Friday, May 6, 2011

Rush Limbaugh: "Yes, Osama was the most wonderful person I've ever known. And I love him deeply! In a way you could never understand!"

Remind me again why The Onion doesn't hire me write for them? Is it because I sent them an unsolicited email quoting my price at $700 per word, or $50,000 per article, whichever is higher? These words, they're gold Jerry! Gold!




NEW YORK CITY, NY—The political world was rocked by radio talk show host and right-wing proponent Rush Limbaugh's shocking admission that a decade long romance with mass murder and Al Qaeda mastermind Osama bin Laden was at the root of his recent attacks against President Obama.

Initial suspicions of the strange, untoward affair between the rotund radio announcer and the mass murderer of nearly three-thousand men, women, and children were raised Monday morning when Mr. Limbaugh launched into a bizarre diatribe aimed at President Obama, just hours after the President had announced to the world the killing of Osama bin Laden at the hands of U.S. special operations forces.

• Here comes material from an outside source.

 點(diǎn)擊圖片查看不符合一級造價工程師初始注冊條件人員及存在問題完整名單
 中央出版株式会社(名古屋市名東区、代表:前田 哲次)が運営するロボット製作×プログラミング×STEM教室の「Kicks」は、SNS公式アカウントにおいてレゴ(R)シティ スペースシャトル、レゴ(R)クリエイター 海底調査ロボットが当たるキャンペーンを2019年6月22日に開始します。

After an opening monologue where Mr. Limbaugh sarcastically praised the efforts of President Obama, the radio show took an unexpected and dark turn when Mr. Limbaugh faced questions from a caller.

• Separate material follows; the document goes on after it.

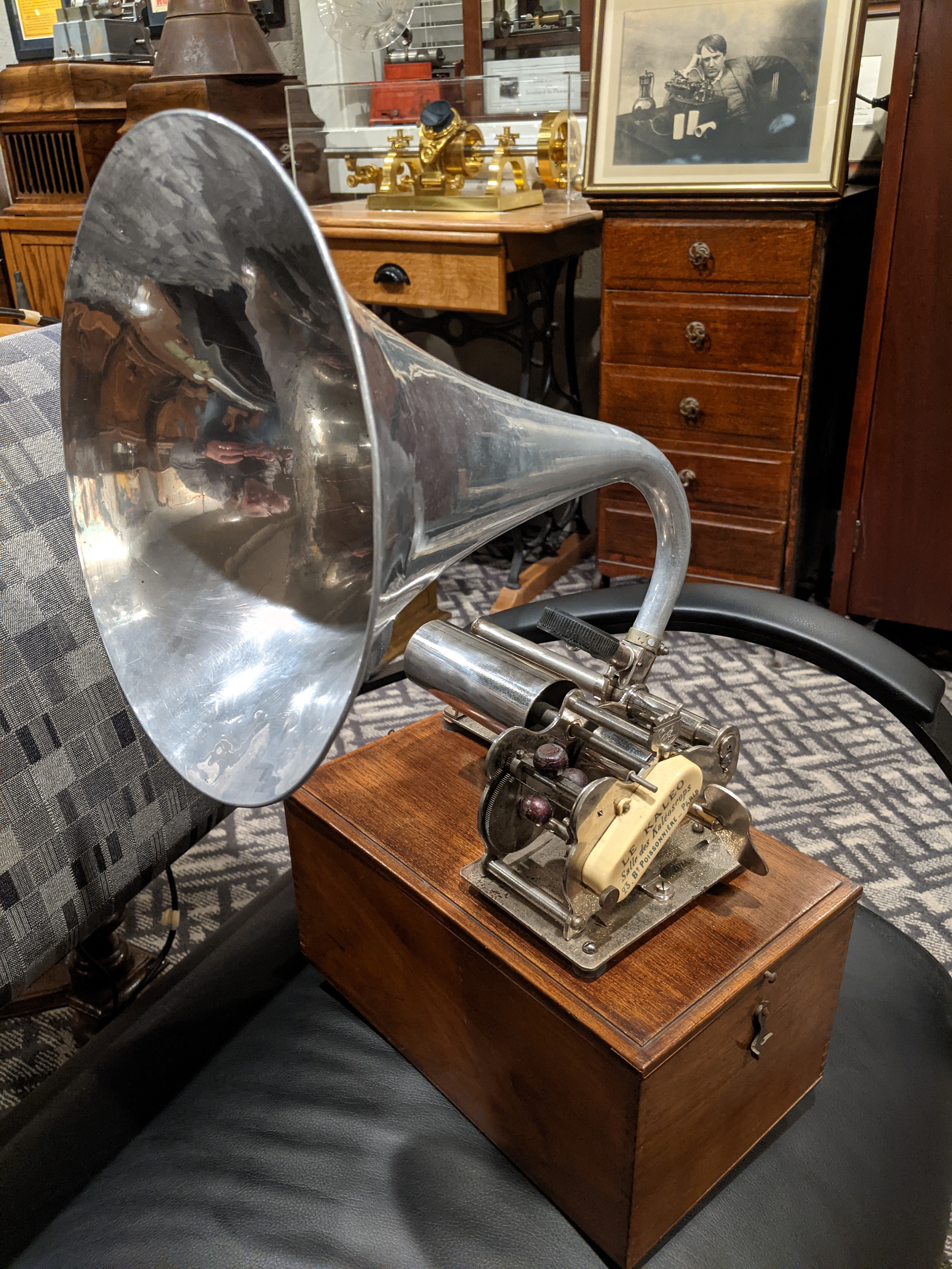 My plan was to buy this machine for the horn (I have been looking for a "hunting horn" for a number of years) and resell or place the machine into storage. But when it arrived I was quite surprised by the condition and play ability. It is just a European Columbia B knock off but with the interesting dealer gear cover (never seen anything like that before) and the overall condition I think it will stay in the collection. And, if it was good enough for Howard Hazelcorn to include in his collection it certainly is good enough for mine!

George from Trenton: Why all the hate for Obama, Rush? He went in there and put a bullet in that [censored]'s head. And after Bush proved as impotent as an effeminate castrato to do the same.

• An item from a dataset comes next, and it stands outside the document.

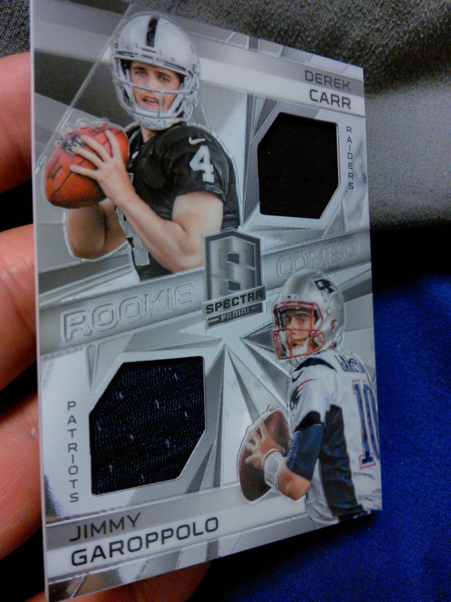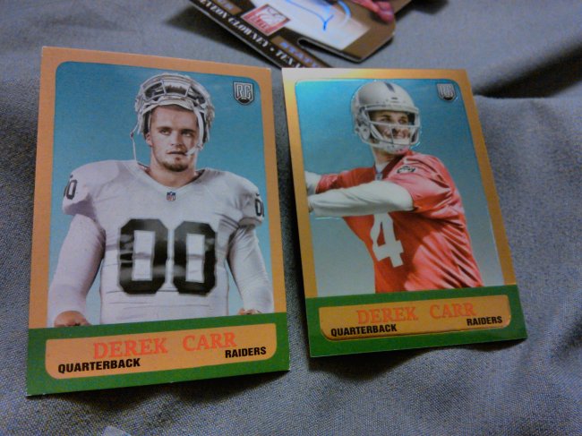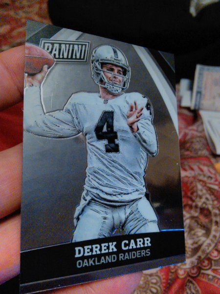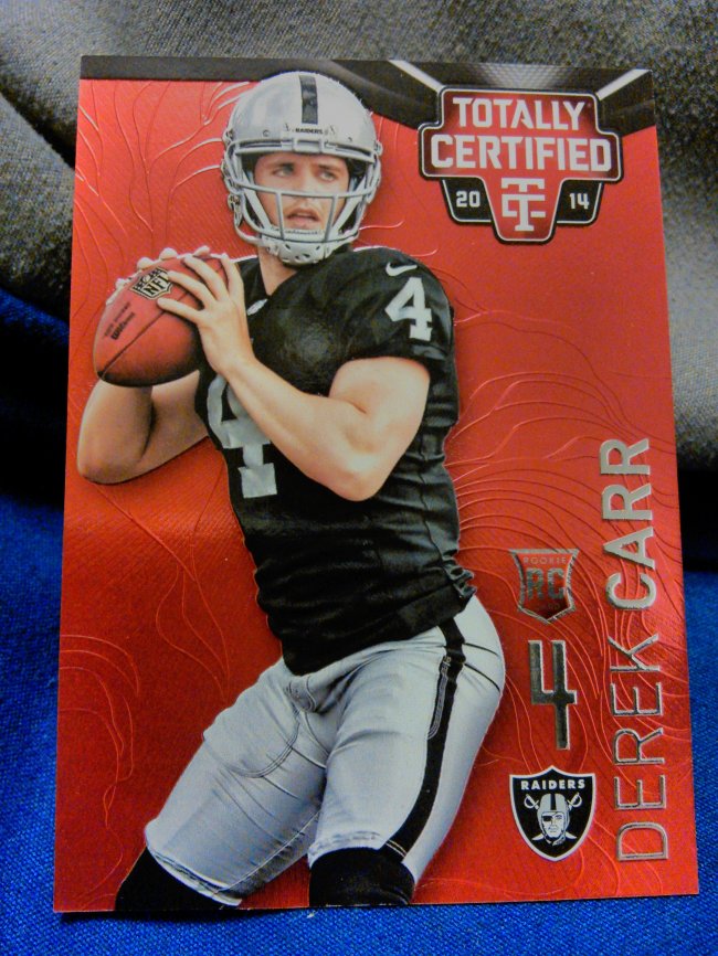 ***SOLD*** Hey everyone, This lot consist of a few of my extra Derek Carr PC. Price includes Shipping! Please Claim on thread, and if possible send me a PM afterwards. $25 dlvd - Thank You Derek Carr 2015 Panini Luxe 2 Color Jersey 09/49 2014 Topps Mini (Both cards pictured) 2015 Panini National Derek Carr VIP Party Gold Packs 2014 Panini Spectra Derek Carr/Jimmy G. Rookie Combo Jersey 169/199 2014 Bowman Chrome Franchise Futures PSA 9 2014 Panini Absolute RC Quad Relic 044/249 2014 Totally Certified Platinum Red RC Parallel #ed/100 2014 Topps Platinum Rookie XFractor ![]() ![]() ![]() ![]() ![]() ![]() ![]() ![]() ![]()

Limbaugh: Listen here, George. A man died! A man! Do you understand that? A human being!

George: What? People were jumping out of skyscrapers while on fire, Rush!

Limbaugh: Listen you [censored]! Do you want the truth? Do you? Yes, Osama was the most wonderful person I've ever known. And I love him deeply! In a way you could never understand!

George: Wait, what?

A White House source, speaking on the condition of anonymity, stated Tuesday that evidence of the affair was uncovered by the intelligence community soon after the May 1st raid that claimed the life of Osama bin Laden and four others. "The copy of [Rush Limbaugh's] See, I Told You So, signed, "To my dearest Mujahideen Osama! LOVE U 4 EVA BOO! You're[sic] Rushypoo," on the dresser was sort of a tip off. Plus all those photos of them on vacation. And those videos of them . . . them . . . look, I really don't want to go into it right now."

The President has declined to comment on the affair, which, according to personal emails leaked by a government source to the Associated Press early Wednesday, seems to have blossomed over Mr. Limbaugh and Osama Bin Laden's mutual hatred of Former President Clinton and "the Liberal Devil."

White House Press Secretary Jay Carney reaffirmed the President's support for equality in all facets of life. "The President's position has always been in support of the love between two people, whether they be a man and a woman, or a man and a man, or a woman and a woman, or a man and an insane, mass murdering monster, or . . . sorry . . . lost my train of thought . . . you know, it is actually pretty fucking sick. Wait - Keep that off the record."

In addition to these revelations, comments critical of Obama by conservative commentator Sarah Palin fueled further rumors late Wednesday. Jay Carney responded to these rumors at a White House press conference Thursday morning: "Sarah Palin? What? No, she's still just a dumb bitch."